What effect is this payoff meant to have on the audience? They might dream about it later, but surely few would be amused. I hardly know what I'm scribbling on the clipboard. Guillermo is giggling so wildly that I'm surprised he can work the projectors, but the film has scarcely run out when Tubby's Troublesome Trousers takes its place on the screen.

This time he's the manager of a men's outfitter's overrun by mice. We first see him counting more than a dozen that have been trapped in cages in a storeroom. Are the intertitles meant to convey his mental state? 'Enelve, elvwet, teenirth,' he counts before a harassed assistant seeks help. A pompous customer is causing a scene because the trousers of his new suit are too loose. Tubby fetches them from the changing-room and turns his grin on the audience as he buttons a mouse into the back pocket. The customer expresses satisfaction with the fit and struts out of T. Thackeray Tailor.
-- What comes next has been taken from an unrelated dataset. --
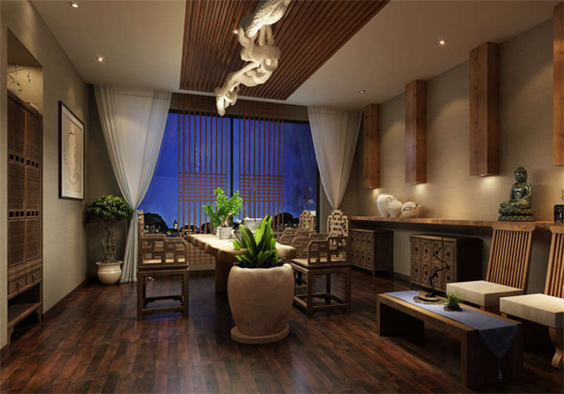 本案為一所茶坊,偏會所性質(zhì)。設計師根據(jù)客戶要求,對茶坊定位為新中式的設計風格。加入了一些古典的中式元素,使得空間顯得有質(zhì)感、有品位。對功能區(qū)域進行了明晰的分區(qū)設計,讓整個茶坊顯得有會所的層次感。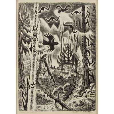 CHARLES EPHRAIM BURCHFIELD (AMERICAN, 1893-1967) "CROWS IN MARCH"

He's streets away when he begins to jump and jerk and lurch, overturning displays outside shops.

Why don't I find the film as innocent as the makers might have liked it to appear? Not just because the glimpse of a pamphlet Tubby drops in the first scene – instructions for the mousetraps – seems not quite nonsensical enough. FORM, TO KE, T WIT, PROP: I don't know why the fragments of language strike me as mocking. For the rest of the two-reeler Tubby and his staff deal with a succession of obnoxious customers: a mayor, a priest, a judge. Each of them departs with a mouse in his trousers and adds to the chaos in the streets. By the end the entire town is a riot that outdoes anything I've previously seen in a slapstick film.

Although some of it is funny, I'm not sure that's the point. Several Laurel and Hardy films reach similar climaxes, and in Liberty Stan dons Ollie's trousers without noticing that a crab has slipped into them, but there's the point: it's a mistake, whereas in Tubby's film the mice are deliberately planted and we're invited to be accessories to the prank. Throughout the film he and his staff grin more and more widely at the audience and at one another. Silent laughter seems to be their primary mode of communication – at least, it's silent except for Guillermo's version and the relentless pulsing, which feels muffled less by the wall behind the screen than by my skull. It could almost be my brain that's throbbing rather than the generator. At last the customers deduce that Tubby is the author of their troubles and prance back to the shop. He makes his escape by releasing the rest of the mice, which cause such panic that the judge leaps on the mayor's shoulders, only for the priest to spring onto his. While they totter in the background as if they're auditioning for a circus, Tubby gives the audience his hugest grin.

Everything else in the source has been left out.